§ **What needs to be done**
Everything from the line with "3д фотообои на" through the last line of the records below should be copied exactly, both ends included.

§ **Dataset extract**
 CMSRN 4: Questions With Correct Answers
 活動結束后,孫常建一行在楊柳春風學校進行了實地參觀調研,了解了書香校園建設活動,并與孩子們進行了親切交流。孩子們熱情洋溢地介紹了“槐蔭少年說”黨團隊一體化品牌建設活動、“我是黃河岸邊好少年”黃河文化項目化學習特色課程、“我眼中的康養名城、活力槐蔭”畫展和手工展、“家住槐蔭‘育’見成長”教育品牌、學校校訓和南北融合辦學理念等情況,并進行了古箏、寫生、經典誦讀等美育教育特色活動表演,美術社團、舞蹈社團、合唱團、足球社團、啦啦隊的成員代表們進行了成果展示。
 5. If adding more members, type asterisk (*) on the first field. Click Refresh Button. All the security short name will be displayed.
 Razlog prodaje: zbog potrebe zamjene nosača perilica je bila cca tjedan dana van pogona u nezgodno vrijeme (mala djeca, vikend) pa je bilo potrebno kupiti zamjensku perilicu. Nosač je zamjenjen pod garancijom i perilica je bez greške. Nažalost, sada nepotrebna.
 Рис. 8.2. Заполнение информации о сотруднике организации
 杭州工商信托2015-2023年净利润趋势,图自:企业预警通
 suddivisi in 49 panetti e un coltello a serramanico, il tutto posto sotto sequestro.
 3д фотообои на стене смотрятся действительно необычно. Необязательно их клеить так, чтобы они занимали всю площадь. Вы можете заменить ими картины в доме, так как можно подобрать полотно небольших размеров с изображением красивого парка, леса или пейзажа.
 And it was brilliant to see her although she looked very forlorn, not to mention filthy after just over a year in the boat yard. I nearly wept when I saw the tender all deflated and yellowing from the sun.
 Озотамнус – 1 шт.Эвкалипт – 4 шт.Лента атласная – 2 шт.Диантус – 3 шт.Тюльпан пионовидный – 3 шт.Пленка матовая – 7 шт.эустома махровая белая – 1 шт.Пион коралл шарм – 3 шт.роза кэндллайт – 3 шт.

§ **Problem solution**
 3д фотообои на стене смотрятся действительно необычно. Необязательно их клеить так, чтобы они занимали всю площадь. Вы можете заменить ими картины в доме, так как можно подобрать полотно небольших размеров с изображением красивого парка, леса или пейзажа.
 And it was brilliant to see her although she looked very forlorn, not to mention filthy after just over a year in the boat yard. I nearly wept when I saw the tender all deflated and yellowing from the sun.
 Озотамнус – 1 шт.Эвкалипт – 4 шт.Лента атласная – 2 шт.Диантус – 3 шт.Тюльпан пионовидный – 3 шт.Пленка матовая – 7 шт.эустома махровая белая – 1 шт.Пион коралл шарм – 3 шт.роза кэндллайт – 3 шт.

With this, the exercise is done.